Your assignment: Up to and including the line with "공급하는 호밀 종자는", reproduce the listing below exactly, beginning at its first line.

Provided data:
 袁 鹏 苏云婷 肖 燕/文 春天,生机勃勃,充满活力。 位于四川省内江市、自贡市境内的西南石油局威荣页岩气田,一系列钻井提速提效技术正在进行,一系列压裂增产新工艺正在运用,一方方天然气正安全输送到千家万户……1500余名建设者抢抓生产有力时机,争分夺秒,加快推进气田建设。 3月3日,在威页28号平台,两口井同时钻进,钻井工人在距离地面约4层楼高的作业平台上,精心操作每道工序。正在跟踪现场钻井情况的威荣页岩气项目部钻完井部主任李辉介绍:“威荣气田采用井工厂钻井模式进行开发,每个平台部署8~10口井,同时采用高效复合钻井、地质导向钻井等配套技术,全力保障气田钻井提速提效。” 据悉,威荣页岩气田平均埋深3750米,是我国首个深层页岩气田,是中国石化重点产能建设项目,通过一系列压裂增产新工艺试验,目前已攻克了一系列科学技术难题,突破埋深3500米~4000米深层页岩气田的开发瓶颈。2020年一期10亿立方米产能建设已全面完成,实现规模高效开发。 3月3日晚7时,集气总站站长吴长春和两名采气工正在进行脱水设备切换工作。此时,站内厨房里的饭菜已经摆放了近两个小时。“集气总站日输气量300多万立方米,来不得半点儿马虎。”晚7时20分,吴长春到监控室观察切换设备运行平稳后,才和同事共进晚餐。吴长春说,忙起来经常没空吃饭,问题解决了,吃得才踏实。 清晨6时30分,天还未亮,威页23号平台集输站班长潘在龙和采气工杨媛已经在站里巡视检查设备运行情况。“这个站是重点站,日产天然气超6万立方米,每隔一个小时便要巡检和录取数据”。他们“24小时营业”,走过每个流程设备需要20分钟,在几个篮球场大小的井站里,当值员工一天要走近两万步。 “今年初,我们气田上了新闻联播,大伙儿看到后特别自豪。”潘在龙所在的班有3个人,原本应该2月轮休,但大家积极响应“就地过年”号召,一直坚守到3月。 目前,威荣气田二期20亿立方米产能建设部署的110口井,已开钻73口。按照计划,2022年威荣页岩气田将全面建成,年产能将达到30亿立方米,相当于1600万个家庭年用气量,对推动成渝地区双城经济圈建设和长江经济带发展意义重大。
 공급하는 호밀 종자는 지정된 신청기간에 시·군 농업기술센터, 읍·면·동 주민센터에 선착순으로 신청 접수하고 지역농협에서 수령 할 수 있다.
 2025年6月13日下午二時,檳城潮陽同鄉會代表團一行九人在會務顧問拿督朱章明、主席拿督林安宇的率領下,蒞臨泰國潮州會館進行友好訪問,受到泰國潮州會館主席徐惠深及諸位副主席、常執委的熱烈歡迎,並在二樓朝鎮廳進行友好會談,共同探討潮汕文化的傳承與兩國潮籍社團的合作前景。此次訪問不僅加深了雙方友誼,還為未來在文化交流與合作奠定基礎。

Finished exercise:
 袁 鹏 苏云婷 肖 燕/文 春天,生机勃勃,充满活力。 位于四川省内江市、自贡市境内的西南石油局威荣页岩气田,一系列钻井提速提效技术正在进行,一系列压裂增产新工艺正在运用,一方方天然气正安全输送到千家万户……1500余名建设者抢抓生产有力时机,争分夺秒,加快推进气田建设。 3月3日,在威页28号平台,两口井同时钻进,钻井工人在距离地面约4层楼高的作业平台上,精心操作每道工序。正在跟踪现场钻井情况的威荣页岩气项目部钻完井部主任李辉介绍:“威荣气田采用井工厂钻井模式进行开发,每个平台部署8~10口井,同时采用高效复合钻井、地质导向钻井等配套技术,全力保障气田钻井提速提效。” 据悉,威荣页岩气田平均埋深3750米,是我国首个深层页岩气田,是中国石化重点产能建设项目,通过一系列压裂增产新工艺试验,目前已攻克了一系列科学技术难题,突破埋深3500米~4000米深层页岩气田的开发瓶颈。2020年一期10亿立方米产能建设已全面完成,实现规模高效开发。 3月3日晚7时,集气总站站长吴长春和两名采气工正在进行脱水设备切换工作。此时,站内厨房里的饭菜已经摆放了近两个小时。“集气总站日输气量300多万立方米,来不得半点儿马虎。”晚7时20分,吴长春到监控室观察切换设备运行平稳后,才和同事共进晚餐。吴长春说,忙起来经常没空吃饭,问题解决了,吃得才踏实。 清晨6时30分,天还未亮,威页23号平台集输站班长潘在龙和采气工杨媛已经在站里巡视检查设备运行情况。“这个站是重点站,日产天然气超6万立方米,每隔一个小时便要巡检和录取数据”。他们“24小时营业”,走过每个流程设备需要20分钟,在几个篮球场大小的井站里,当值员工一天要走近两万步。 “今年初,我们气田上了新闻联播,大伙儿看到后特别自豪。”潘在龙所在的班有3个人,原本应该2月轮休,但大家积极响应“就地过年”号召,一直坚守到3月。 目前,威荣气田二期20亿立方米产能建设部署的110口井,已开钻73口。按照计划,2022年威荣页岩气田将全面建成,年产能将达到30亿立方米,相当于1600万个家庭年用气量,对推动成渝地区双城经济圈建设和长江经济带发展意义重大。
 공급하는 호밀 종자는 지정된 신청기간에 시·군 농업기술센터, 읍·면·동 주민센터에 선착순으로 신청 접수하고 지역농협에서 수령 할 수 있다.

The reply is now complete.